When Kim Rhode, then 17, stood on the podium at the 1996 Olympic Games in Atlanta with her first gold medal hanging from her neck, she never dreamed 16 years later she would make history in London at the 2012 Summer Olympic Games, but that’s exactly what happened Sunday morning.
Rhode, 33, set a new Olympic record in qualifying for Women’s Skeet with 74 hits out of 75. She went on to match her own world record with a perfect 25 in the final for a total of 99 out of 100, winning the gold.
She is the first U.S. athlete in history to medal in an individual sport at five consecutive Olympic Games.

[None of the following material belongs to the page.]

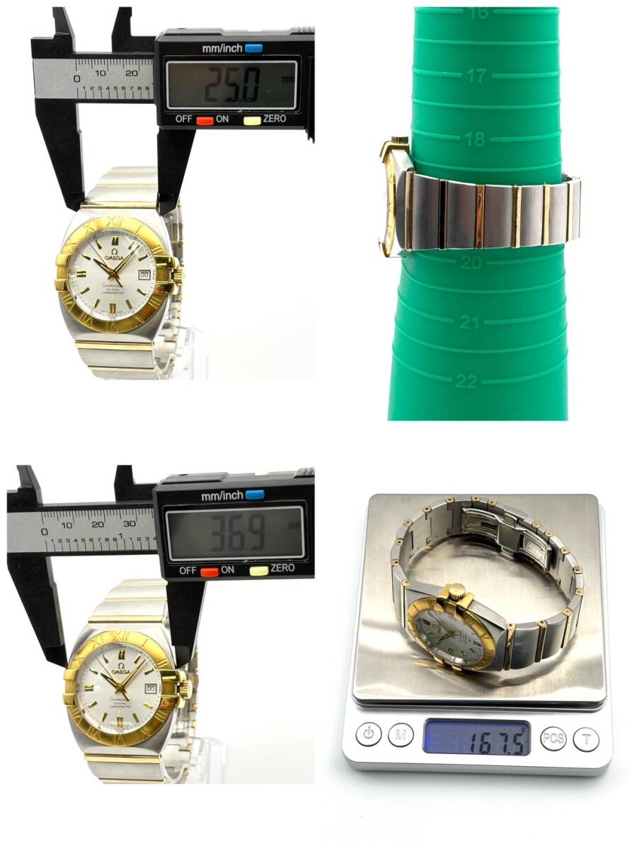 商品名 ・腕時計 OMEGA オメガ コンステレーション ダブルイーグル ゴールド シルバーカラー 重量:約167.5g ブランド ・OMEGA サイズ ケース幅:約36.9㎜(リューズ含まない) ラグ幅:約25.0㎜ 重量:約167.5g ※若干の誤差がある場合がございます。 状態について ・ランク →【B】 キズ・汚れなど、使用感が見受けられますが、 中古品としては比較的良好な状態です。 ・コメント →五分間の針の稼働は確認できましたが、出品時に振ったり巻いたりして針が動いた状態であり長時間の稼働は行っておりません。 →全体的に小キズや汚れがあります。 →すり替え防止の為返品不可。 →状態は画像にてご確認ください。 ───────────────[ 状態ランク表 ]──────────────── 【N】 新品・未使用品の新古品です。 【S】 キズ・汚れがほとんど見受けられず、非常に状態の良い商品です。 【A】 わずかにキズ・汚れがありますが、全体的に状態の良い商品です。 【B】 キズ・汚れなど、使用感が見受けられますが、 中古品としては比較的良好な状態です。 【C】 キズ・汚れ・型崩れなどの目立つ使用感がありますが、ご使用には問題のない商品です。 【D】 通電の確認はできておりますが、稼働や動作の確認は行っておりません。 【E】 破損や欠損などが見受けられる商品ですが、素材やパーツとしての価値があり、リメイクや部品取りにおすすめの商品です。 ※ランクは社内基準となりますので、参考としてご参照ください。 ──────────────────────────────────────── 送付方法 ・ゆうパック(着払い) 60サイズ ※千葉市美浜区からの発送となります。 ※出品時に商品を梱包しているため、「同梱不可」となります。 ※こちらの商品は「発送のみ」の対応となります。 防犯上の観点から、「引取り限定」「家財便または引取り」の商品以外は直接の引取りはお断りさせていただいております。 | |||

Before today, Rhode had collected two gold medals in the Double Trap event in 1996 and 2004, a bronze in 2000 and a silver in the Skeet at the Beijing 2008 games, cementing herself as one of the best competitive shotgun shooters in the world. And she’s not done yet.

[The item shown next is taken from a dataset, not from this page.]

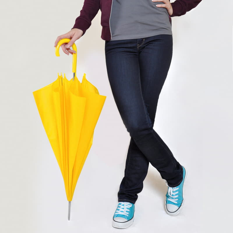 Зонт-трость, механический.  Диаметр купола: 103 см, длина стержня: 84 см.  Состав купола: 100% полиэстер 190T.  Состав спицы и стержень: металл.  Пластиковая ручка в цвет купола.  Цвет купола близкий к пантону 123C.

“I do not see myself quitting any time soon,” Rhode says on the official Olympics website. “I’m looking forward to 2016 and a few more after that. The oldest Olympic medalist was a shooter and he was 72, so I still have a few more in me.”
That means continuing her intense training schedule. Rhode shoots as many as 500 to 1,000 shells a day and has continued a dedicated practice routine for 23 years. She estimates she has fired as many as 2 million shotshells in her life.
China’s Ning Wir took the silver in Women’s Skeet and Slovakia’s Danka Bartekova won bronze after a shoot-off with Russia’s Martina Belikova.